2 Define one or more outlier filers. The objective here is to define these filters to to remove as much as unwanted data possible prior to start the modeling process. Therefore, any prior data exploration and insight might be very helpful at this stage. Here is the list of all offered filters:

Local Outlier Factor Filtering: The local outlier factor (LOF) to measure the local deviation of a given data point with respect
to its neighbors by comparing their local density.The LOF algorithm is an unsupervised outlier detection method which computes the local density deviation of a given data point with respect to its neighbors. It considers as outlier samples
that have a substantially lower density than their neighbors. 
Zscore Filter: A zscore filter is a way to standardize feature vectors by transforming each
feature in the vector to have a mean of zero and a standard deviation of one. The zscore, or standard score, is a measure of how many standard deviations a data point is from the mean of the distribution. This features that have zscore outside of a cutoff threshold are removed. 
Sigma Outliers Filtering: A sigma outlier filter algorithm is a technique used to identify and remove outliers from feature vectors based on their deviation from the mean. In this algorithm, an outlier is defined as a data point that falls outside a certain number of standard deviations (sigma) from the mean of the distribution.

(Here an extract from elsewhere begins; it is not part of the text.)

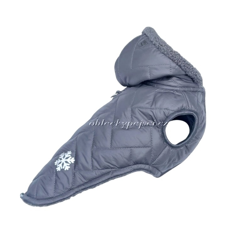 Zimní bunda šedá s reflexní vločkou podšitá s hřejivým beránkem pro malé psí kluky

One Class SVM filtering: An Unsupervised Outlier Detection to estimate the support of a highdimensional distribution. The implementation is based on libsvm.

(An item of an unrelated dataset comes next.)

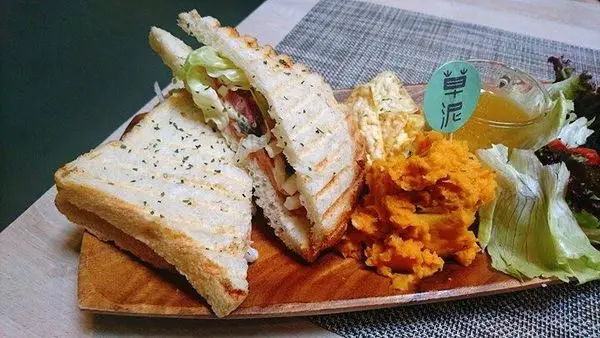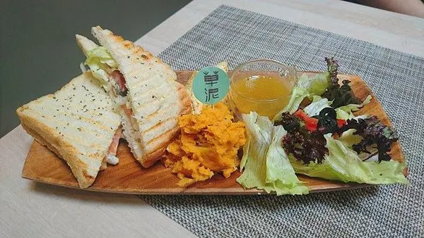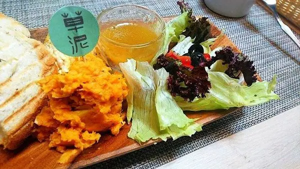 當天是假日,幾乎是滿座的情形下,感受到草泥店內充滿生氣,和我想像中的沉靜有點不同。但整個環境氣氛的營造讓人很是舒適,可以放鬆地聊天想事情,沒有壓力的嚐著簡單的美食,啜飲一杯咖啡,慢慢享受有陽光的溫暖室內,靜靜地坐著。

Robust Covariance Filtering: An Unsupervised Outlier Detection for detecting outliers in a Gaussian distributed dataset.

Isolated Forest Filtering: Isolation Forest Algorithm returns the anomaly score of each sample using the Isolation Forest algorithm. The “Isolation Forest” isolates observations by randomly selecting a feature and then randomly selecting a split value between the maximum and minimum values of the selected feature.